07-24, 14:35–14:43 (US/Eastern), Tomatis Auditorium
PathSeeker is a statistical R package, tailored to improve pathogen identification and characterization from RNA sequencing (RNA-seq) data. Addressing challenges in datasets with numerous potential organism identifications, it leverages summary statistics, topic models, regressions, ranks tests and visualization techniques for precise organisms detection and identification.

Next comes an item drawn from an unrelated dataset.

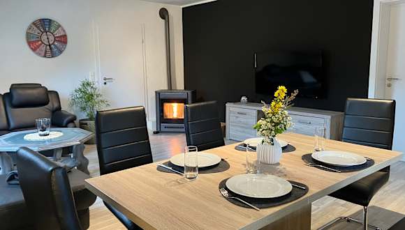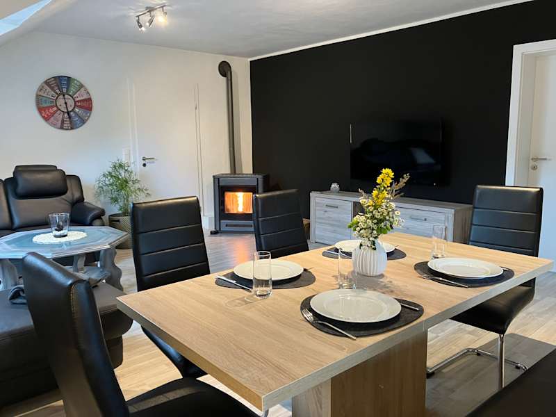 Die Wohnung in der 1. Etage, ist ca. 110 qm² groß und bietet Platz für bis zu 7 Personen. Sie verfügt über einen kombinierten Wohn-/Essbereich mit einem Pelletofen und Smart-TV, einer vollausgestatteten Küche inkl. Spülmaschine, drei Schlafzimmer jeweils mit Smart-TV, ein Bad mit ebenerdiger Dusche und WC, sowie einen überdachten Balkon mit Süd-Ost Ausrichtung. Ein Garten mit Grillmöglichkeiten kann mitgenutzt werden. WLAN steht Ihnen kostenfrei zur Verfügung. Ein Parkplatz vor dem Haus steht ebenfalls kostenfrei zur Verfügung. Ein Garagenstellplatz ist auf Anfrage gegen Gebühr möglich. Unterstellmöglichkeiten für Fahrräder, Motorräder und Skier sind vorhanden. Bettwäsche, Handtücher, Geschirrhandtücher sind im Preis enthalten. Kinderhochstuhl, Kinderbett, Wickelkommode und Kinderbücher/-spielzeug kostenfrei. Haustiere sind nicht erlaubt. Nichtraucherwohnung. Nur auf dem Balkon darf geraucht werden.

PathSeeker uses the Chan Zuckerberg ID (CZID) pipeline for initial organism identification, followed by an intricate process involving filtrations and statistical modeling. This is based on blank samples and initial library quantity, using a regression curve to differentiate true organisms from contaminants. A feature of PathSeeker is its delta approach, employed to minimize cross-contamination errors. This is supplemented by user-defined filters, allowing for positive sample identification based on exceeding median levels in blank controls or meeting specific statistical benchmarks set by the user.
Incorporating topic models, PathSeeker establishes baselines of pathogen expression across samples to discern true pathogenic signals in scenarios lacking controls. This enhances PathSeeker’s ability to identify authentic pathogenic signals in complex datasets.

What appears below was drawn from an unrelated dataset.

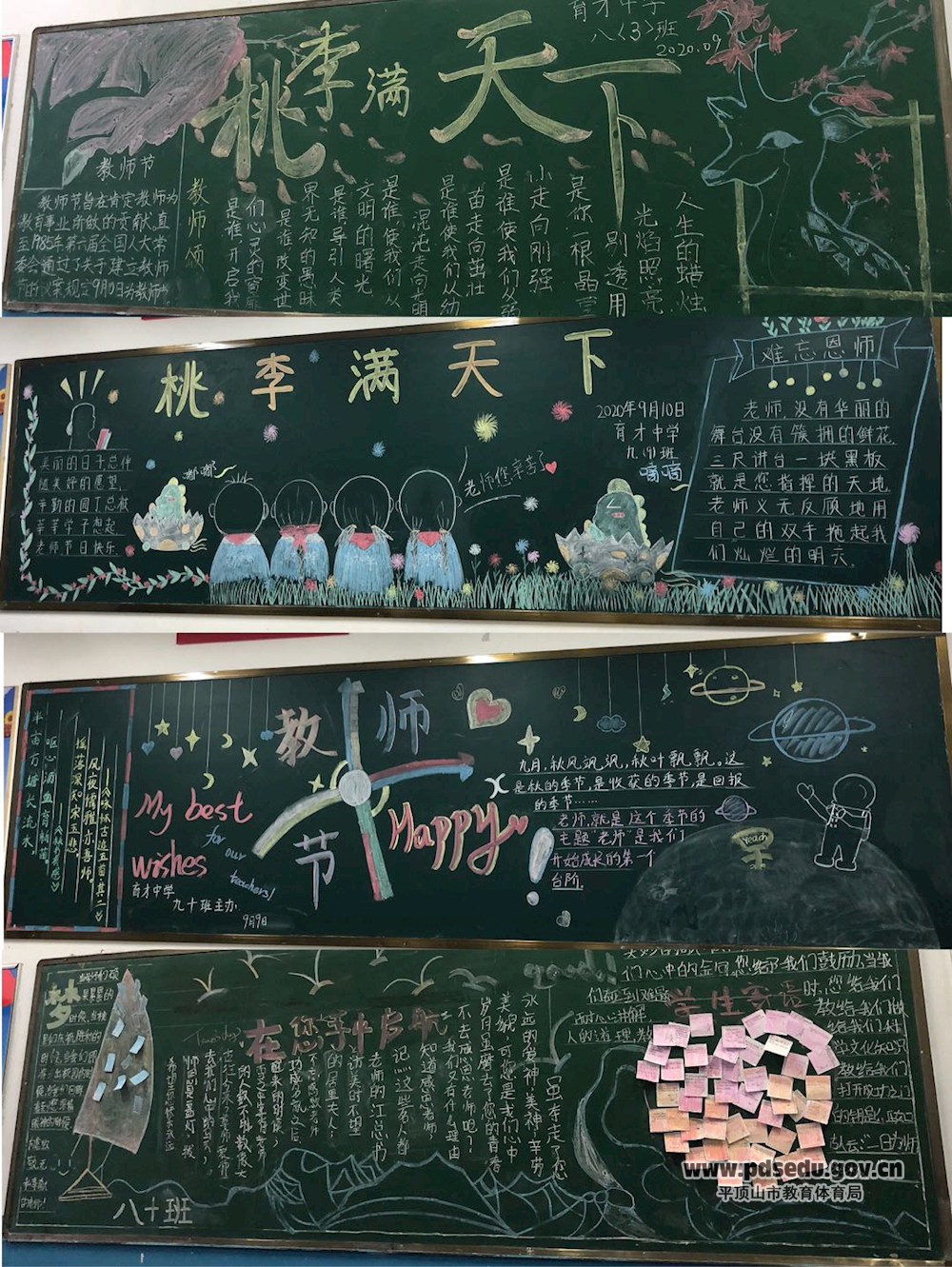 飘香九月,祝福飞扬。在第36个教师节来临之际,市育才中学团委组织开展教师节“感念师恩”主题黑板报系列活动。每个班级都积极踊跃参加,各具特色!9月9日下午,在副校长郭军带领下,给各个班级主题黑板报评分。

Furthermore, PathSeeker encompasses an extensive suite of differential abundance analysis tools, adept at handling diverse data distributions and experimental conditions. It incorporates models based on negative binomial and log-normal assumptions, crucial for analyzing data with varying levels of dispersion and normality. For pairwise comparisons, the package employs the Wilcoxon test, ensuring robust analysis of two-condition scenarios. In more complex experimental designs involving three or more conditions, PathSeeker utilizes the Kruskal-Wallis test, adept at managing multi-group comparisons. This comprehensive approach to differential abundance analysis enables researchers to rigorously evaluate the presence and significance of pathogens under various experimental conditions, further strengthening the package’s capability in delivering insightful pathogen profiles from RNA-seq data.
Methodologically, PathSeeker accuracy was confirmed using RNA-seq datasets of neonatal hydrocephalus and maternal placental infections for various viral, bacterial, and parasitic organism detection. It addresses the challenge of noise reduction for pathogen identification using RNA-seq. For in-depth confirmation of PathSeeker results, polymerase chain reaction (PCR), and rapid diagnostic blood (RDT) was utilized.
PathSeeker's commitment to transparency and accessibility will see its methodologies made available to the scientific and health communities via open-access R packages on GitHub and Bioconductor. This approach not only promotes collaborative research but also propels the field forward in the accurate interpretation of RNA-seq data in pathogen research in a user friendly manner.